→ **Dataset extract**:
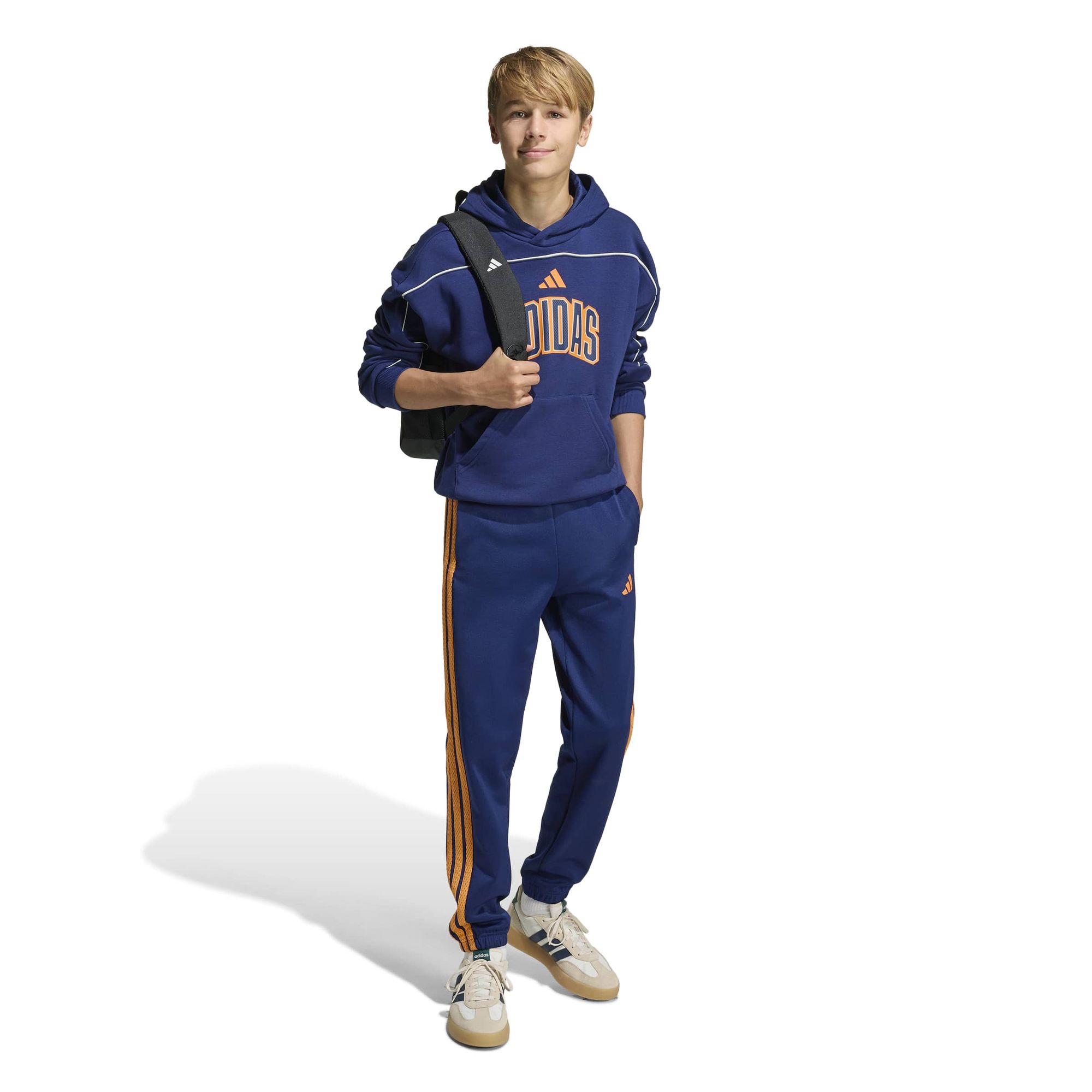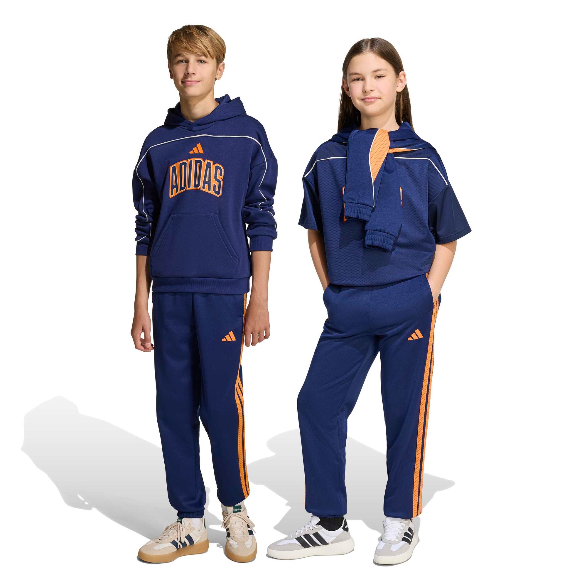 Die Stadium-Trainingshose ist so gemacht, dass sie den coolen Spirit der Sportkultur einfängt. Inspiriert von der Energie und Kreativität junger Fans, verbinden diese Hosen modernen Stil mit zeitlosen Sportswear-Elementen. Egal, ob sie mit Freunden Sport machen oder einfach nur einen entspannten Tag draußen verbringen – mit dieser Hose sind die Kleinen im typischen adidas Stil unterwegs.
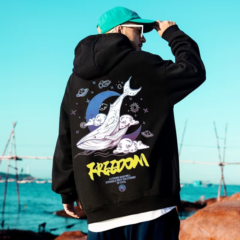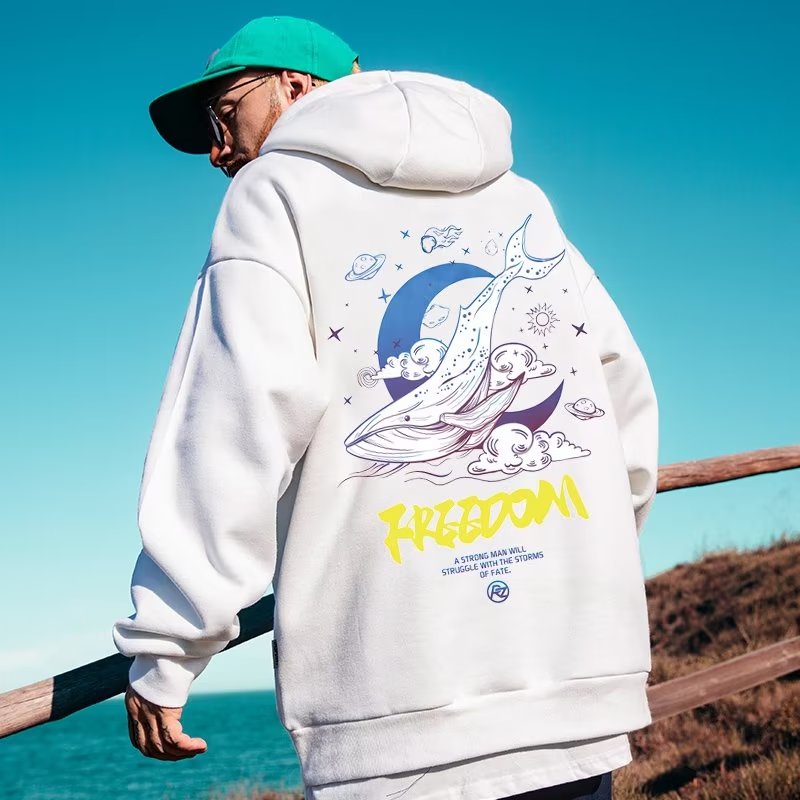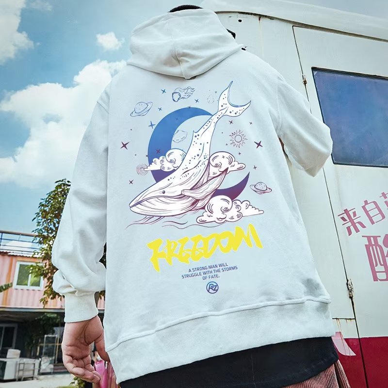 M-8XL 衛衣印花連帽大學T 情侶裝流行男潮版港風中青年 薄款大學T 印花T 連帽長T(WQ9012)【壹號站】
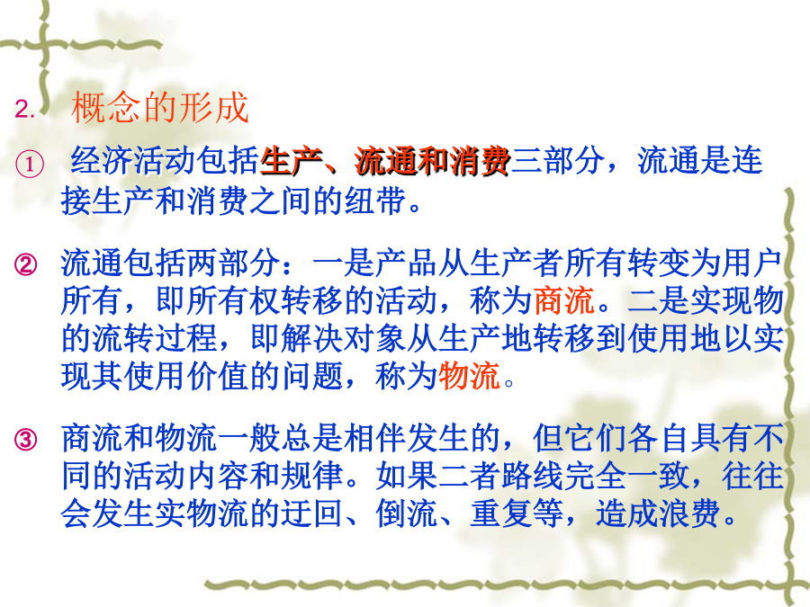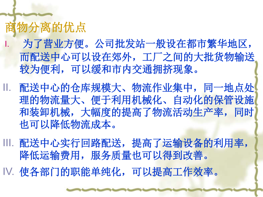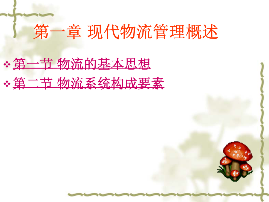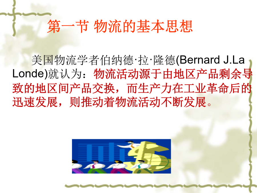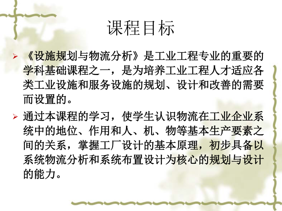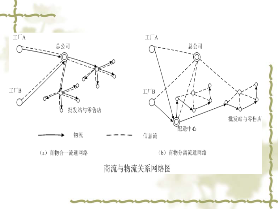 设施规划与物流分析Question课程目标第一章现代物流管理概述第一节物流的基本思想一、物流的定义及分类概念的形成经济活动包括生产、流通和消费三部分,流通是连接生产和消费之间的纽带。流通包括两部分:一是产品从生产者所有转变为用户所有,即所有权转移的活动,称为商流。二是实现物的流转过程,即解决对象从生产地转移到使用地以实现其使用价值的问题,称为物流。商流和物流一般总是相伴发生的,但它们各自具有不同的活动内容和规律。如果二者路线完全一致,往往会发生实物流的迂回、倒流、重复等,造成浪费。商流与物流的互相分离,一般地说有以下几种情况:商流在前,物流在后;物流是在商流之后完成的。(商品的预购)物流在前,商流在后。商品的赊销就属于这种情况。。商流迂回,物流直达。例如在商流中,产品的所有权多次易手,但产品实体可能从最初的售卖者直接送达最终的购买者。只有商流,没有物流。一种是建筑物、房产的买卖。第二种情况是商品的投机活动。只有物流而没有商流。例如在图书馆借书。商物分离的优点为了营业方便。公司批发站一般设在都市繁华地区,而配送中心可以设在郊外,工厂之间的大批货物输送较为便利,可以缓和市内交通拥挤现象。二、第三方物流三、现代物流的重要性四、现代物流发展趋势第二节物流系统构成要素基本运输方式简述3.航空运输优势:运送速度极快,适于中长距离的运输,运输条件好,货物很少损伤、变质,所需包装简单,很适合新鲜易腐和季节性商品地运送。二、保管1.保管的作用和功效:保管的存储作用;保管在供需之间的时间调整作用,如粮食,水库;保管地价格调节作用,如水果,空调;保管地整合配送作用。2.仓库保管作业原则:面向通道进行保管,为使物品出入库方便、容易在仓库内移动;尽可能的向高处码放,有效利用库内容积;根据出库频率选定位置,出货和进货频率高地物品放在靠近入口、易于作业地地方,流动性差地物品放在距离出入口稍远的地方,季节性物品则依其季节特性选定放置地场所;同一品种在同一地方保管;根据物品重量安排保管地位置;根据先进先出地原则。三、包装1.包装的作用:保护作用;定量作用,包装地过程是将物资整理成为基本单元,整理成为适合搬运、运输地单元;标识作用,易于识别物质商品;提高工作效率的作用,包装地大小、形状、重量都便于运输、搬运、保管。达到创造商品形象促进销售的作用。2.包装材料:纸包装材料,应用广泛,用量最多,耐摩擦,耐冲击,易粘合,无味,无毒,价格相对较低,回收后可再生利用;木制包装材料,一般用于外包装,具有抗压、抗震、抗挤、抗冲撞能力;金属包装材料,如饮料、煤气;塑料包装材料;玻璃、陶瓷包装材料,制成瓶、罐、坛子,用来盛装食品、饮料、酒类、药品。四、搬运1.搬运在物流中的地位和作用:装卸搬运是衔接运输、储存、流通加工、配送等各个物流环节所必不可少的活动,从原材料供应到商品送至消费者手里,乃至废弃物回收,再生利用等整个循环过程中,装卸搬运出现的频度最多,作业技巧最复杂,科技含量最高,时间和空间移动最短,但费用比例最大。装卸搬运作业因货物破损、散失、混杂、损耗所造成的损失,比运输、保管、包装等其它物流作业环节要大得多,所以装卸搬运在整个物流领域中占有十分重要的地位。解决好装卸搬运环节的技术和管理问题可以大幅度降低物流成本,提高效率,加快商品流通速度。3.搬运作业原则:尽量减少多余的作业,尽可能减少搬运次数,避免破坏、损伤、损失;搬运要提高机械化程度;应大力提倡托盘和集装箱运输,便于搬运,提高活性。五、流通加工流通加工可以理解为是在流通过程中的加工,是商品在流通过程中,为了增加附加值、满足客户需求、促进销售而进行的简单的组装、剪切、套裁、贴标签、刷标志、分装、检量、弯管、打孔等加工作业,这些流通加工作业在配送中心、流通仓库、卡车终端等物流场所进行。流通加工的作用可以适应消费者多样化的需求;可以改变物质、商品的附加值;对食品、药品等行业物质的流通加工,可起到保质、保鲜、保供应的作用。
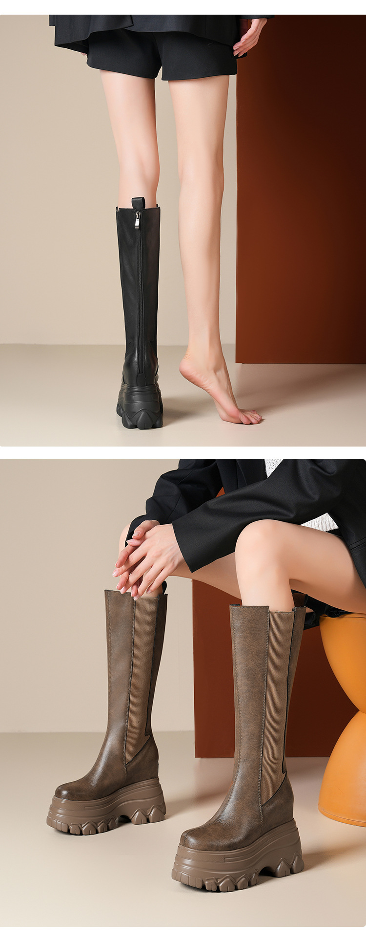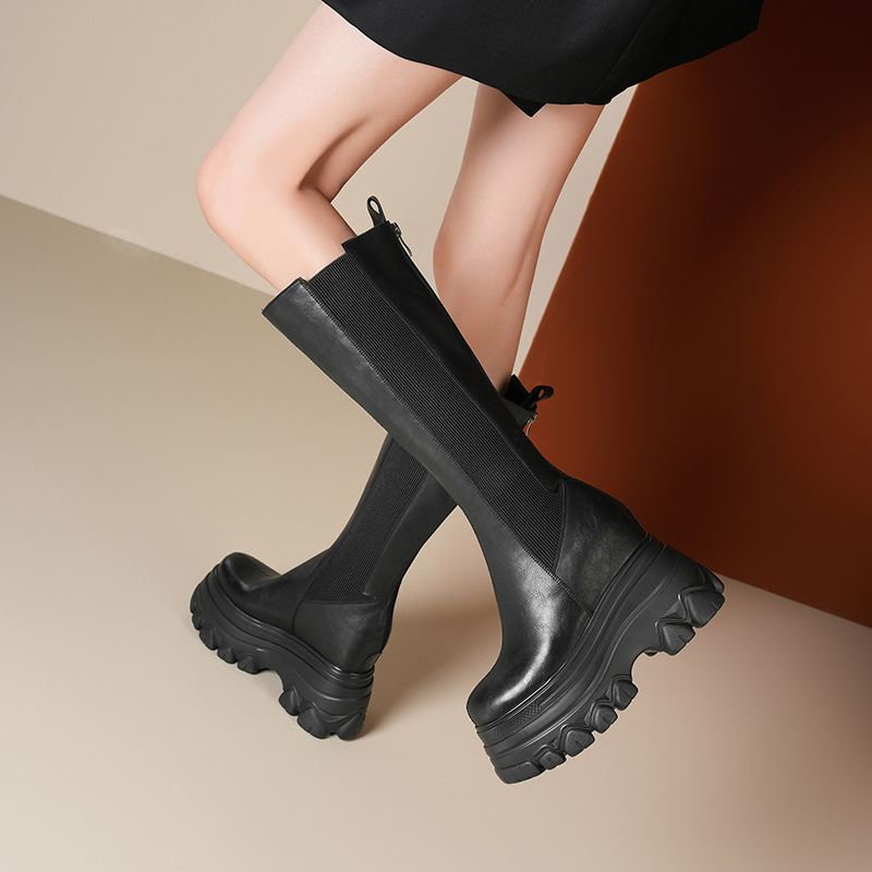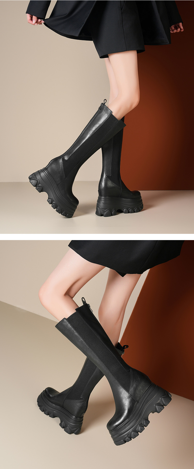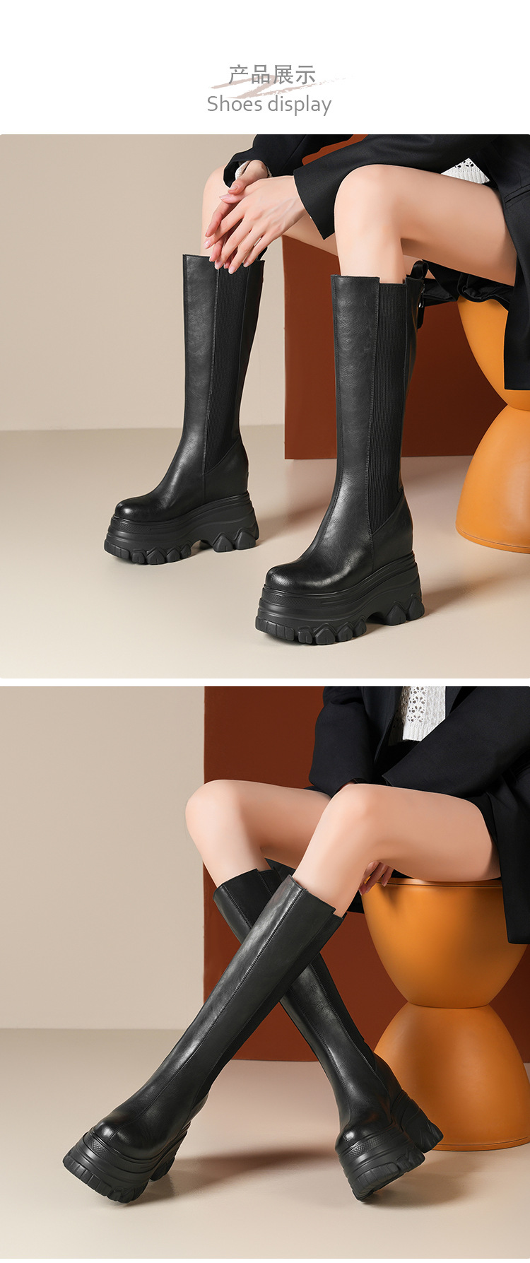 Đôi bốt cao cổ này có phần đế dày và gót cao mười hai phân, giúp tăng chiều cao đáng kể. Được làm từ chất liệu da mềm mại, ôm chân nhưng vẫn thoải mái. Kiểu dáng bốt kỵ sĩ không quá đầu gối, phù hợp để phối cùng nhiều loại trang phục khác nhau như quần jeans hay váy ngắn. Chỉ cần xỏ chân vào, kéo khóa phía sau là đã sẵn sàng diện xuống phố. | Tên sản phẩm: Cao Gót Nữ Chất Liệu Da Bò Cao 12cm Cổ Cao Qua Gối Đế Cao - Giày Dép Nữ | Mã sản phẩm: B4245 - Giá: 2.680.000đ | Mã nhà sản xuất: QIDNG-G06Hình ảnh sản phẩm
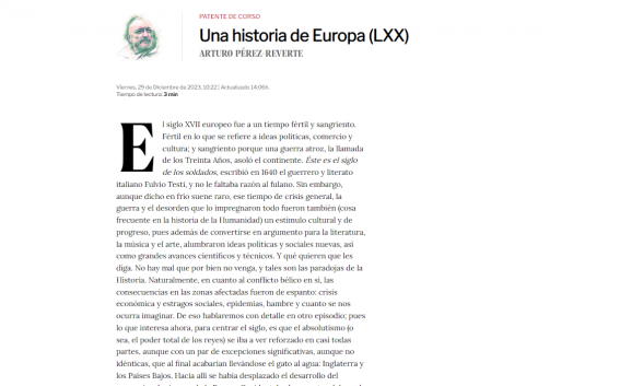 Insisto: va por el capítulo 70 y su historia de Europa marca un antes y un después en la investigación sobre el viejo continente. El antes era contar lo que pasó, el después es la ensoñación histórica del profe Reverte, quien se aproxima más a la realidad en sus novelas históricas que en su historia novelada.
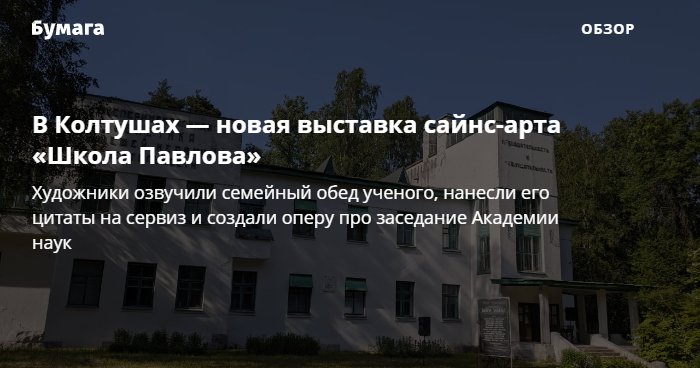 «Бумага» рассказывала, как научный городок Павлова в Колтушах превратился в один из центров российского сайнс-арта. Также читайте список самых любопытных петербургских выставок июня.
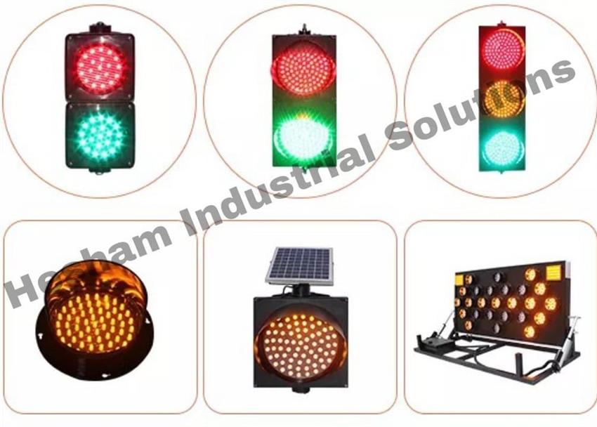 Green polycarbonate traffic signal light for road safety. Features 40W solar power. Made in India.
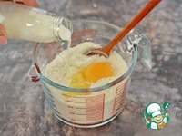 Начните замешивать тесто в рабочей ёмкости при помощи лопаточки. Растопите сливочное масло и в процессе замеса добавьте его в тесто. |
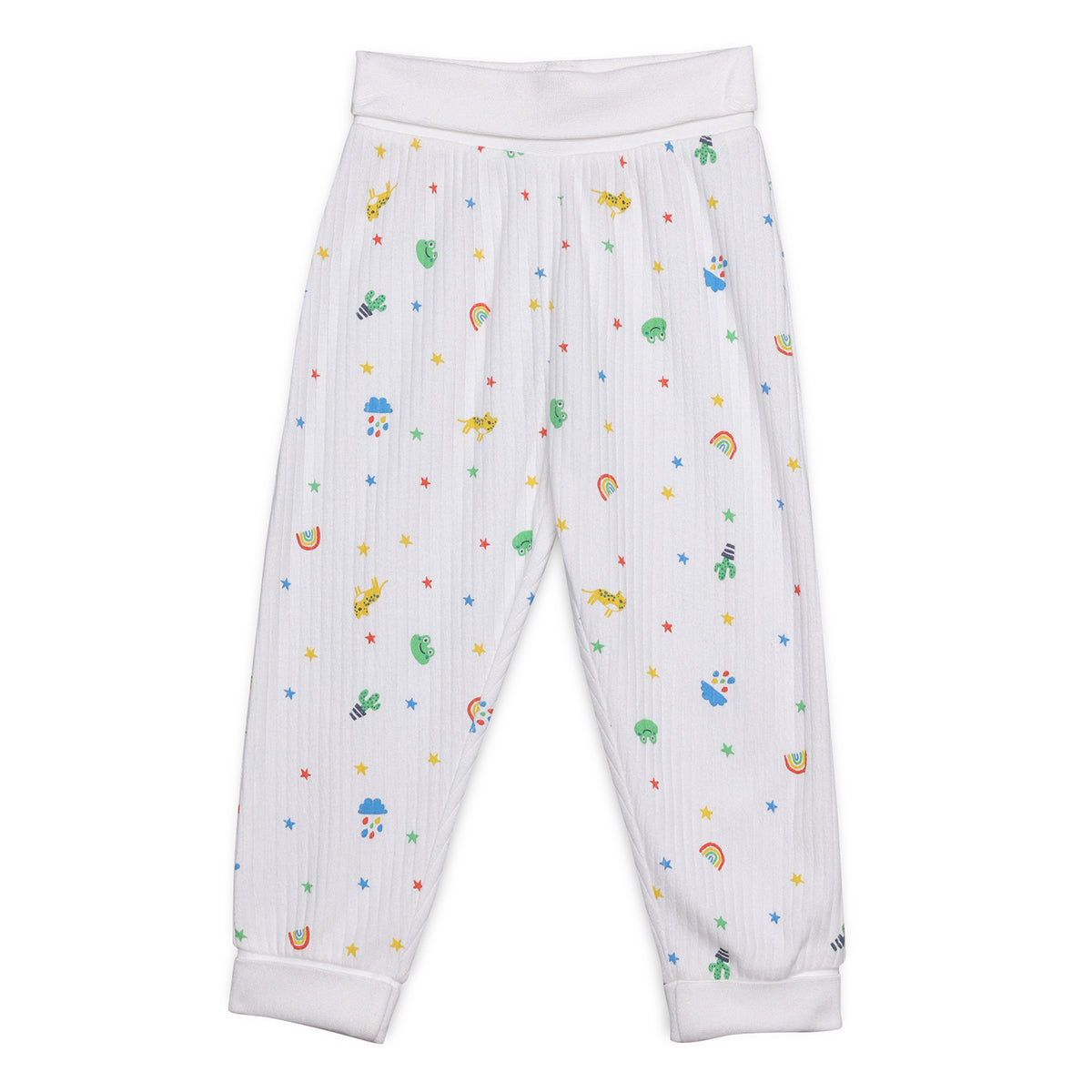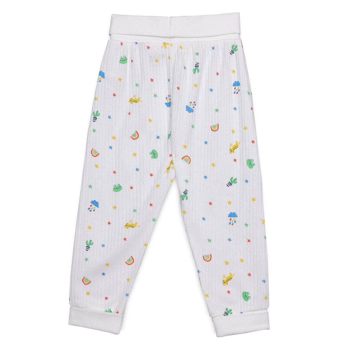 This pack of three baby bottoms combines playful style with everyday comfort. Each pair features a unique design , a bright solid colour, a fun all-over print, and a star pattern , offering versatile mix-and-match options. Designed with soft stretchable waistbands and ankle cuffs, these bottoms ensure a secure yet gentle fit for active little ones. Perfect for pairing with T-shirts or vests, they provide all-day comfort for playtime or lounging at home. Orange Ribbed Pant – Bright orange pant crafted in soft ribbed cotton for a cozy and comfortable fit, perfect for everyday wear. White All-Over Print Pant – White pant featuring fun all-over prints of rainbows, stars, and cute motifs, adding a playful touch to your baby’s outfit. Green Star Print Pant – Vibrant green pant with an all-over star print design, made from breathable cotton fabric for comfort throughout the day.

→ **What is expected**: Exactly the lines starting at the one above with "Insisto: va por" and ending at the one with "Начните замешивать тесто" should be printed, and nothing else. Omit the pictures.

→ **Solved exercise**:
 Insisto: va por el capítulo 70 y su historia de Europa marca un antes y un después en la investigación sobre el viejo continente. El antes era contar lo que pasó, el después es la ensoñación histórica del profe Reverte, quien se aproxima más a la realidad en sus novelas históricas que en su historia novelada.
 «Бумага» рассказывала, как научный городок Павлова в Колтушах превратился в один из центров российского сайнс-арта. Также читайте список самых любопытных петербургских выставок июня.
 Green polycarbonate traffic signal light for road safety. Features 40W solar power. Made in India.
 Начните замешивать тесто в рабочей ёмкости при помощи лопаточки. Растопите сливочное масло и в процессе замеса добавьте его в тесто. |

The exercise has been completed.